(RECORDS TO USE Opens)

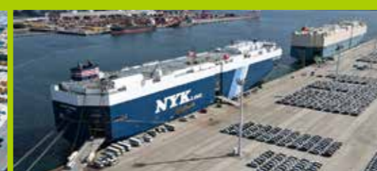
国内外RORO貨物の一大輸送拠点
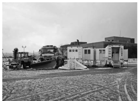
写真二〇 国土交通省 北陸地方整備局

(RECORDS TO USE Closes)
(RECORDS TO USE Opens)

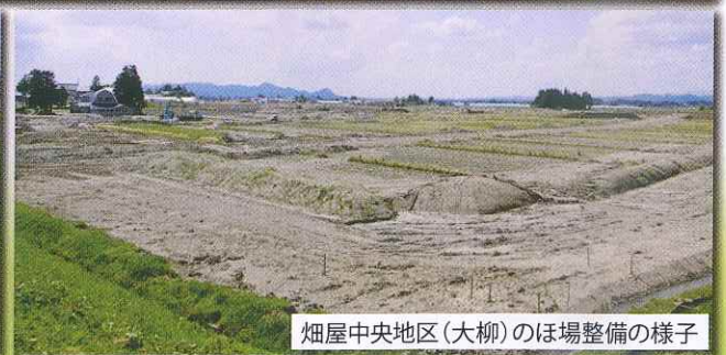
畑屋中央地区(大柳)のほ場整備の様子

(RECORDS TO USE Closes)
(RECORDS TO USE Opens)

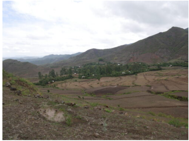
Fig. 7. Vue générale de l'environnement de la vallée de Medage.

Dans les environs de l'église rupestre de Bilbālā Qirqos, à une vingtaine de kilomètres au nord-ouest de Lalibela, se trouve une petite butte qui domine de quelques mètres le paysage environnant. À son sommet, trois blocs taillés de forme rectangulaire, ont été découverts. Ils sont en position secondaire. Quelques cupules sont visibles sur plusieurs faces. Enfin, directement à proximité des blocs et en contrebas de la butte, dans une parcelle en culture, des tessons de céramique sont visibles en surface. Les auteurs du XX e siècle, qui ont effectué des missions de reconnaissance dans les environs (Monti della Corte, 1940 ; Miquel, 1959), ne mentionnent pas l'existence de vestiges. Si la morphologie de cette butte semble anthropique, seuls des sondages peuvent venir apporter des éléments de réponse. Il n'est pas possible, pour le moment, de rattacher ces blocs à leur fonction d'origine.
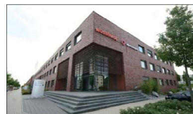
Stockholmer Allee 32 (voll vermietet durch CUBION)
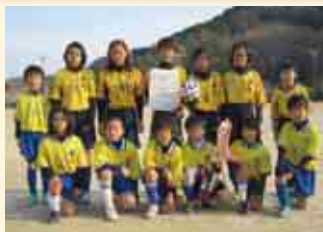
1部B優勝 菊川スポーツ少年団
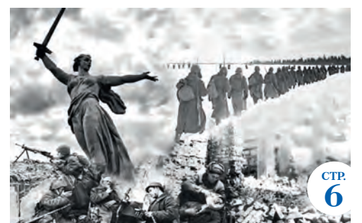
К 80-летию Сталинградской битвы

(RECORDS TO USE Closes)

- **PROBLEM REQUIREMENTS**: Give back exactly the lines above from the one with "1部B優勝 菊川スポーツ少年団" through the one with "К 80-летию Сталинградской битвы", both included. Pictures don't belong in the copy.

- **SOLVED PROBLEM**:
1部B優勝 菊川スポーツ少年団
К 80-летию Сталинградской битвы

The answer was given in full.